By MATHEW DEARNALEY
South Auckland health chiefs deny any direct link between their closure of birth pools and allegations that a baby fell on its head during delivery.
The Counties-Manukau District Health Board reopened three of its four birth pools yesterday after completing most of a set of improvements prescribed by the Labour Department's Occupational Safety and Health service (OSH).
New steps, wooden seats and a wider lip have been added to pools at Botany Downs, Papakura and Pukekohe, but handrails are not expected to be installed until later this week.
Midwives have been asked in the meantime to take particular care with women climbing in and out of the pools.
The larger of two pools at Pukekohe remains closed until a small foot-step is completed, but one pool that opened yesterday is at the centre of an investigation into a complaint against a midwife by parents of a baby suffering suspected cerebral palsy.
Health and Disability Commissioner Ron Paterson has agreed to investigate their allegation that the midwife mismanaged their baby's delivery at the Botany Downs birth pool in October and tried to cover this up with false information to Middlemore Hospital staff.
The midwife denies the allegations, and has told the Accident Compensation Corporation's medical misadventure unit she caught the baby with both hands as it "delivered spontaneously".
But the parents, the baby's maternal grandmother and an aunt have given witness accounts of allegedly seeing the baby fall out of the birth canal and bounce on its head down a step on to the floor as its mother climbed out of the pool.
The midwife refused yesterday to say anything about the case, asking the Herald not to try to talk to her.
But she told ACC she feared the baby was stillborn because it felt lifeless and was not breathing before resuscitation began "well within" one minute of delivery.
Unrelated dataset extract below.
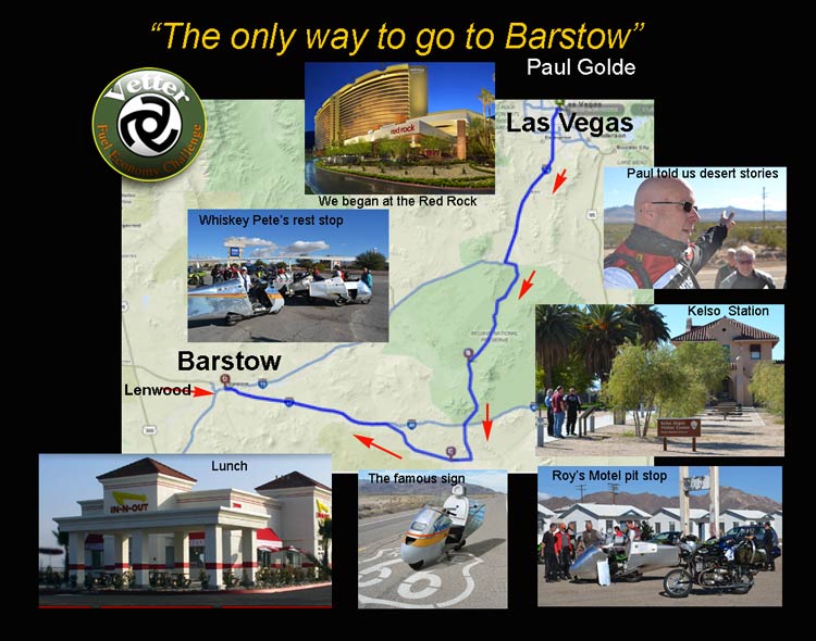| The Route Sunday, Nov. 18, 2012: We left Las Vegas at 8:30 AM and arrived at Barstow at 3 PM 224.5 official miles. It took a little longer than we expected. We were having fun. | ||||||||||||||||||||||||||||||||||||||||||||||||||||||||||||||||||||||||||||||||||||||||||||||||
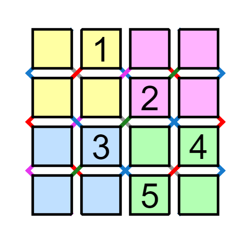 填入1~5,使得每宫内,以及每组由线条连结的四个单元格内,数字均不能重复。每根线条最多拐弯一次,且数字可能在行列内重复。

Board chief executive Stephen McKernan strongly rejected the cover-up allegation.
And he said although the board did not consider it appropriate to comment on clinical matters under investigation by external agencies, the pool closures were "not directly linked" to the family's complaint.
Mr McKernan acknowledged that an OSH improvement notice issued last month for Botany Downs focused on safety aspects of its use "and in particular women getting in and out of the pool" as well as the avoidance of back injuries to midwives.
But although the notice did not require the board to close any pools, he said a management decision was taken to do so to allow time to discuss and make necessary improvements.
Midwives were shocked at the suddenness of last month's decision, saying they were not consulted and describing it as "complete overkill".
But a College of Midwives spokeswoman said yesterday she was unaware of the complaint at Botany Downs, and was saddened for both the family and midwife concerned.
Asked at the time about any history of accidents prompting the move, health board spokeswoman Lauren Young mentioned only a complaint about two years ago of an alleged back injury to a midwife.
A Nurses Organisation lawyer representing the midwife involved in the latest case, who remains a board employee and has had no internal action taken against her, could not be reached.
Ms Young said late yesterday in response to questions which the Herald put to the board on Friday that there was no delay in investigating the baby's birth, but no formal complaint was received from the family until April.
She said a skull x-ray and head ultrasound performed on the baby on the day it was born were normal and showed no evidence of trauma.
But the parents, who do not want to be named, cite a scan in November in which a radiologist suggested that damage to a part of the brain which controls muscle movement was consistent with "moderate to severe" oxygen loss.
The father said last night that he complained about the midwife to a paediatrician four days after the birth, after learning of her denial that the baby hit the ground.
He denied a board suggestion that the family turned down the offer of a meeting with health staff a week after the birth, saying he and his partner met the paediatrician then, although other relatives and clinicians pulled out of the appointment.
* A question-mark was omitted in yesterday's Herald in a Middlemore Hospital doctor's admission note that said the baby had a healthy pregnancy but was "delivered while moving to bed, dropped on floor?"